Extrapolating the numbers we have today, astronomers estimate that our galaxy could be home to 40 billion Earth-sized planets, 11 billion of them orbiting Sun-like stars! The TRAPPIST-1 system discovery also proved that dim red dwarf stars are also viable hosts for Earth-like planets. This is particularly exciting because red dwarf stars like TRAPPIST-1 far outnumber stars like our Sun.

Many exobiologists believe that the sustained presence of liquid water is necessary for Earth-type life to be possible on an exoplanet. At reasonable atmospheric pressures, stable liquid water occurs between about 0° and 100° Celsius (32° to 212° Fahrenheit). If the orbit of an exoplanet around its host star keeps it close enough for water to avoid freezing, yet not hot enough to boil it away, it’s considered to orbit within the star’s habitable zone.

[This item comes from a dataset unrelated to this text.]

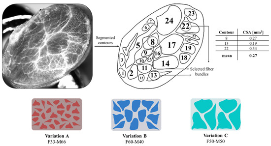 Our second approach was titled Tendon-Mimic (TM) pattern; it was designed by mimicking the non-uniform fascicle dimension of equine superficial digital flexor tendon (SDFT), examined using an SMZ18 Research Stereo Microscope. The fascicles were segmented on Rhinoceros 3D software to calculate the CSA of each fascicle’s silhouette. Subsequently, three fascicles were chosen, which showed a more regular shape and had a CSA close to the mean. By modifying the dimension of the three fascicles, some variants were created, considering the percentage of area that was occupied by the fibers on the narrow cross-section of the specimen. Thus, a fibers percentage of Variant A (50%), Variant B (60%), and Variant C (33%) were considered as shown in Figure 6. The design specifications according to the Shore A hardness values assigned are given in Table 2.

The habitable zone for our Sun extends from Venus’ orbit almost out to Mars. To avoid overheating an exoplanet, the habitable zones of hot stars have to be farther from the star, so the planet’s year will be longer. But hot stars live fast and die young – some as short as tens of millions of years – probably too short to allow time for life to originate and evolve. Cool stars, especially red dwarfs, shine for hundreds of billions of years. Their habitable zones are compact, and there is plenty of time for life to arise. Unfortunately, orbiting closer to a star also exposes a planet to increased harmful radiation, and space weather events like flares and coronal mass ejections.

Finally, the mass of the planet must be sufficient to exert enough gravitational attraction to hold on to a protective atmosphere, and volatiles like water. Mars is not large enough to have kept its atmosphere and water for long, resulting in its cold, dry state today. It’s not surprising then that scientists talk about “The Goldilocks Zone” for extra-terrestrial life. The planet has to be large enough, not too hot, and not too cold – just right, for life!